[Source data]
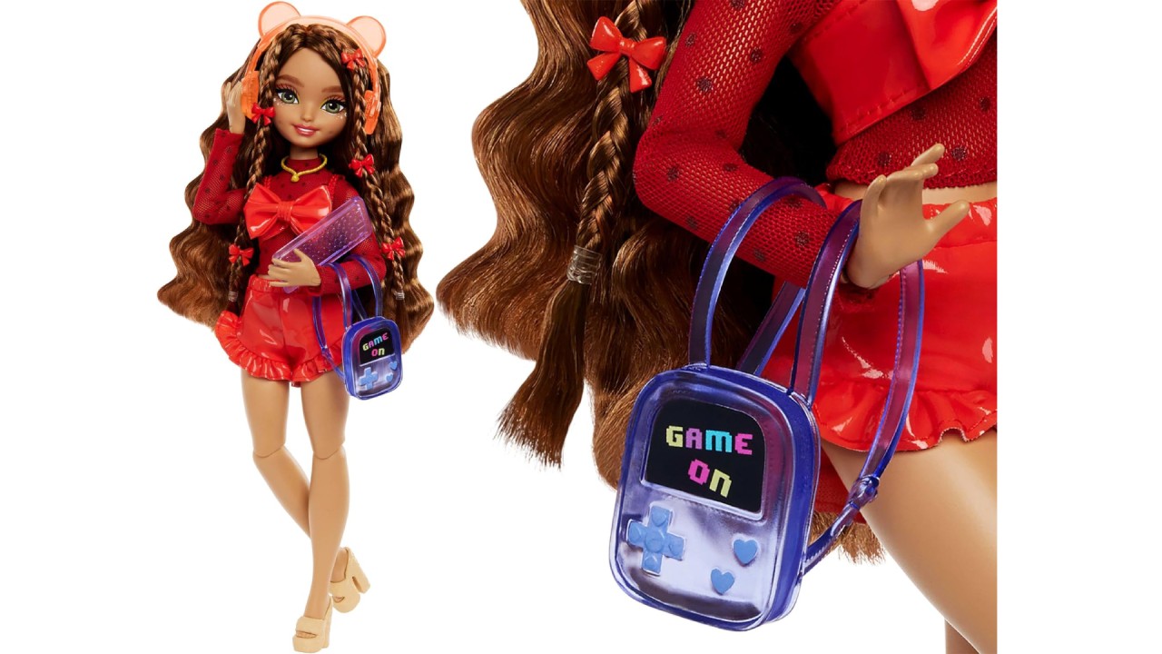 Păpușa este pozabilă și poartă haine detașabile, cum ar fi bluza ei cu buline stratificată cu o fundă roșie lucioasă, pantaloni scurți asortați și tocuri.
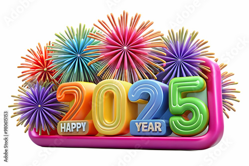 3D Colorful Fireworks Frame for Happy New Year 2025 - Vibrant Icon on Isolated White Background for Festive Celebrations
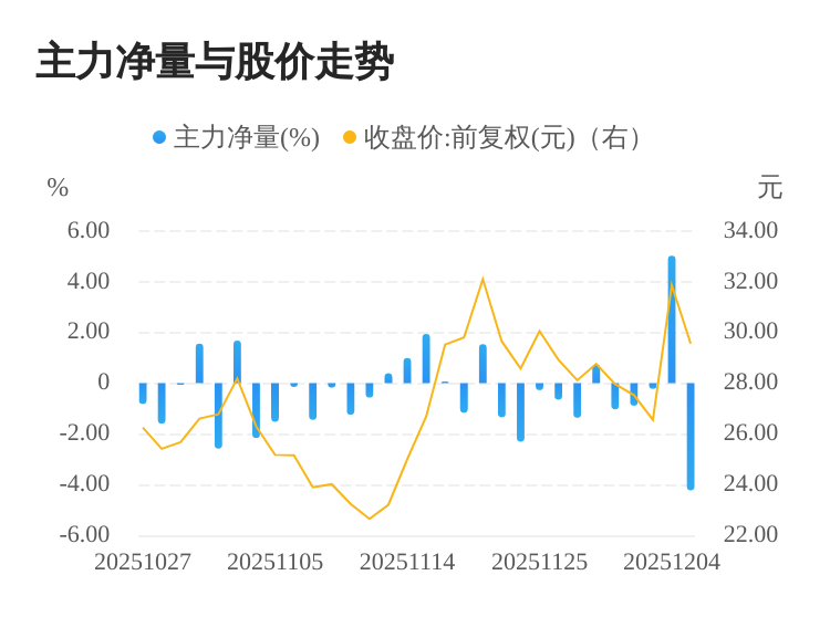 该股今日主力净量为负,且值较大,表明主力大幅流出,主动卖出明显多于主动买入。与此同时,今日换手率较高,主力抛售的嫌疑较大。投顾建议:投资者短期宜合理控制仓位,谨慎为佳。
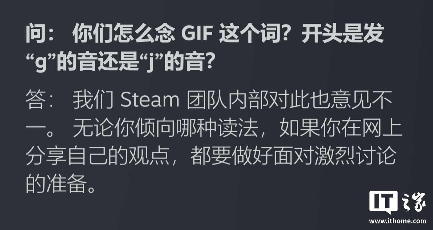 IT之家在公告文末还发现,Valve 开发团队还在博客中幽默提到,团队成员对于“GIF”一词的发音存在分歧,开头是发“g”的音还是“j”的音?
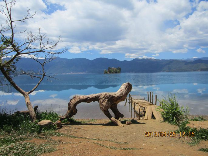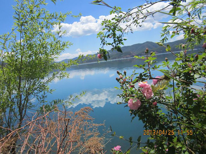 把下面这张照片拿给朋友看时,她摇摇头说,东西太多了,没有主题。虽然喜欢拍照,但绝对是菜鸟水平,偶尔能拍出一张满意的照片都会兴奋很久。拍的时候并没有想太多,只是被景色的颜色搭配迷住了,突然发现,最好的配色其实是源自大自然的。那美美的泸沽湖的四月啊!

### REQUIRED ACTION
The reply should hold the entries above from the line with "3D Colorful Fireworks" to the line with "IT之家在公告文末还发现,V", duplicated exactly, pictures excluded.

### COMPLETED EXERCISE
 3D Colorful Fireworks Frame for Happy New Year 2025 - Vibrant Icon on Isolated White Background for Festive Celebrations
 该股今日主力净量为负,且值较大,表明主力大幅流出,主动卖出明显多于主动买入。与此同时,今日换手率较高,主力抛售的嫌疑较大。投顾建议:投资者短期宜合理控制仓位,谨慎为佳。
 IT之家在公告文末还发现,Valve 开发团队还在博客中幽默提到,团队成员对于“GIF”一词的发音存在分歧,开头是发“g”的音还是“j”的音?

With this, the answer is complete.